THE PROBLEM
Write out again, unchanged, the line that has "- Select the" and each following line through the end of the entries below; leave pictures out.

Saved entries
---------------

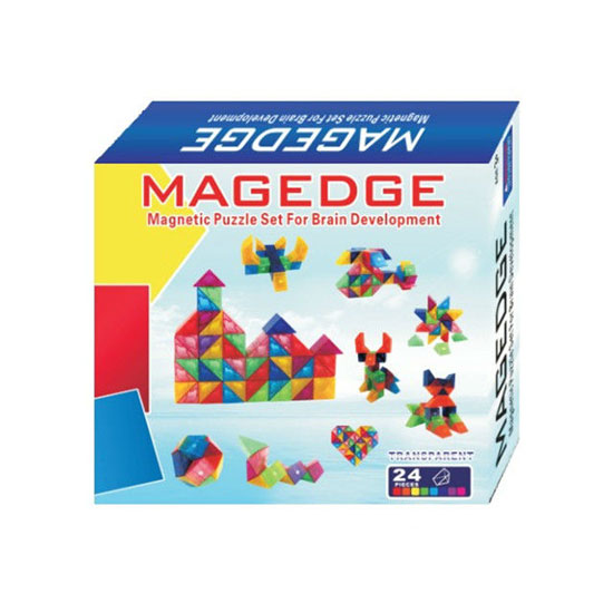 This magnetic puzzle features pieces in triangular shapes and assorted colors. Children can make different animals, trees and houses as they like with the magnetic pieces. The puzzle game promotes children's brain development.
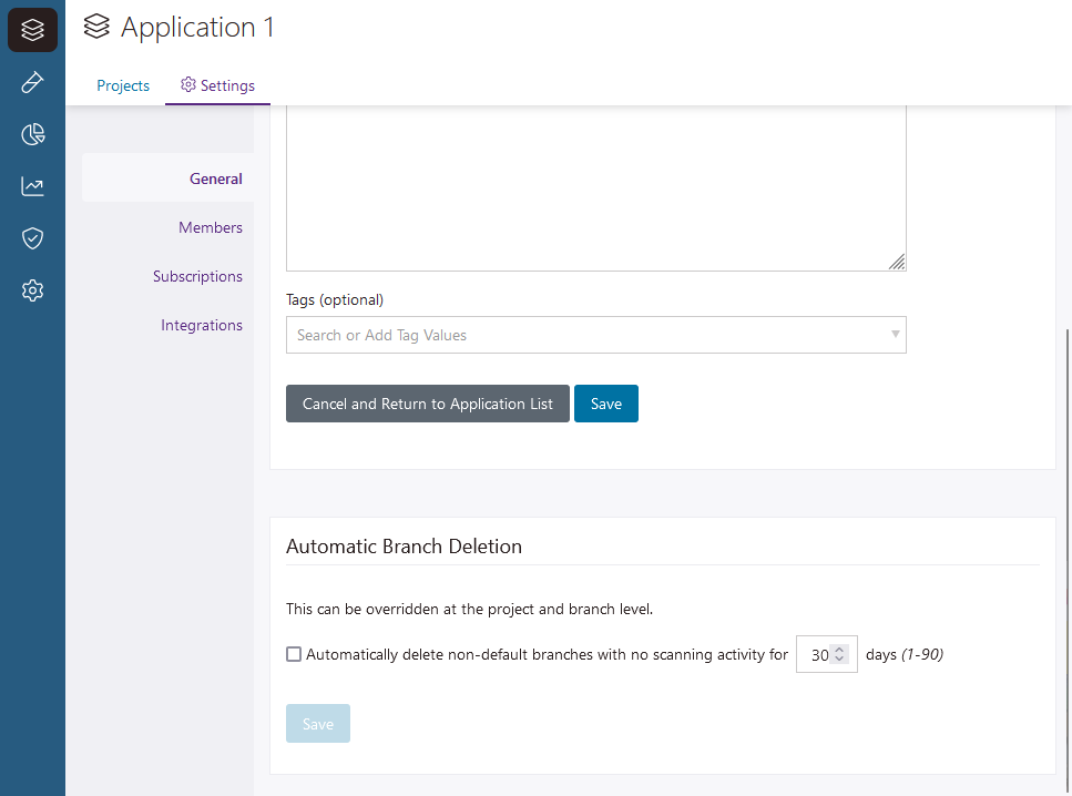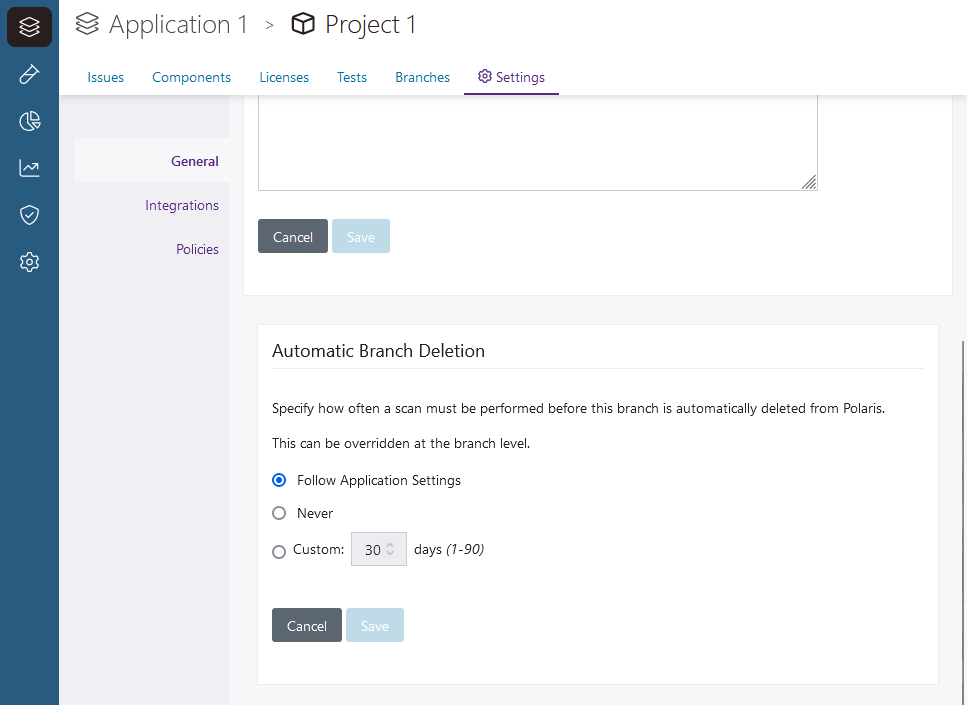 Note: A branch's automatic deletion setting overrides project and application settings; a project's automatic deletion setting overrides application settings. This way, even if an application is configured so non-default branches that aren't tested for a day are deleted, you can still preserve specific branches (or branches in specific projects) indefinitely, or for a longer duration.
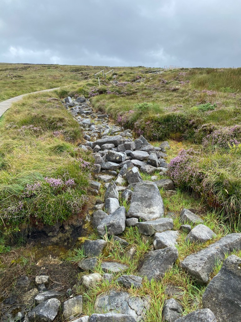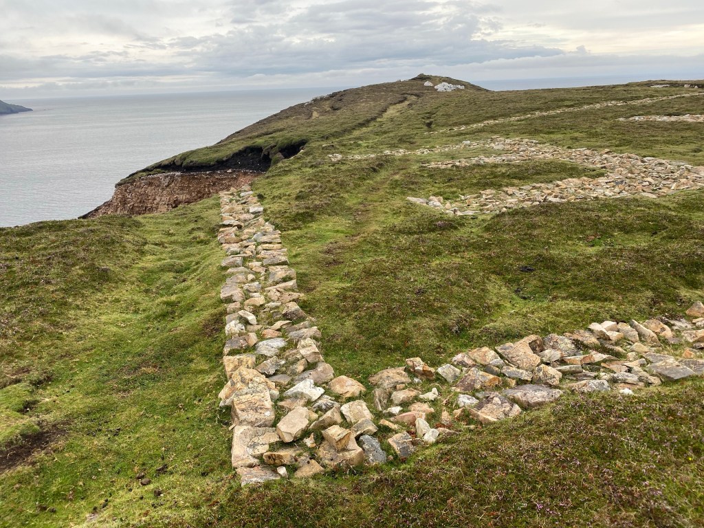 Further east, we found our way to the Céide Fields. Buried for millennia under peat bogs, near the strikingly striated Céide Cliffs, these unprepossessing stone walls are in fact as old as the pyramids and form Ireland’s most extensive Neolithic site and the world’s oldest field system. Covid had closed the nearby interpretive centre, so it was hard to get a feel for the extent of the site (only part of which has been excavated) but its story of deforestation, climate change, and population collapse struck close to home.
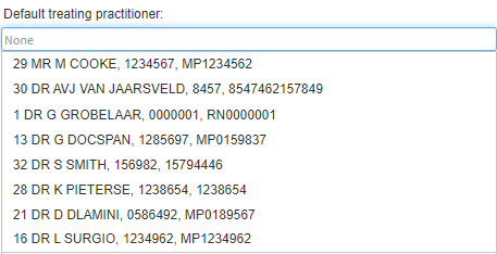 - Select the desired Default Treating Practitioner from the drop-down menu that will become available whilst typing, to link the desired Practitioner to the new Debtor.
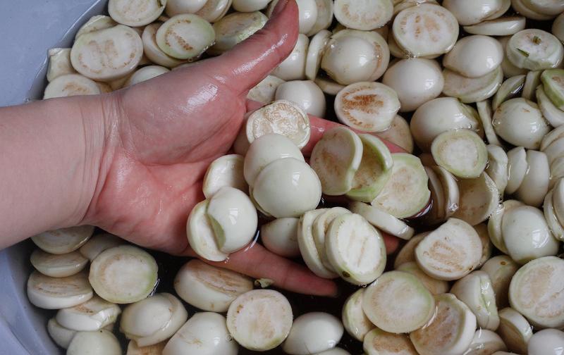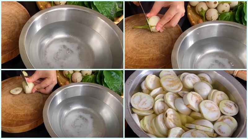 Sau đó bạn cắt bỏ phần cuống đầu của quả cà. Cắt thành từng lát dày cỡ 0,3cm. Thái đến đâu bạn nhanh tay thả cà vào thau nước muối đã chuẩn bị để tránh cho cà bị đen nhé. Chỉ cần để ngoài chưa đến 1 phút là đủ để cà bị nhựa bám đen, khi ăn rất chát.

---------------

RESULT FOR THIS EXERCISE
 - Select the desired Default Treating Practitioner from the drop-down menu that will become available whilst typing, to link the desired Practitioner to the new Debtor.
 Sau đó bạn cắt bỏ phần cuống đầu của quả cà. Cắt thành từng lát dày cỡ 0,3cm. Thái đến đâu bạn nhanh tay thả cà vào thau nước muối đã chuẩn bị để tránh cho cà bị đen nhé. Chỉ cần để ngoài chưa đến 1 phút là đủ để cà bị nhựa bám đen, khi ăn rất chát.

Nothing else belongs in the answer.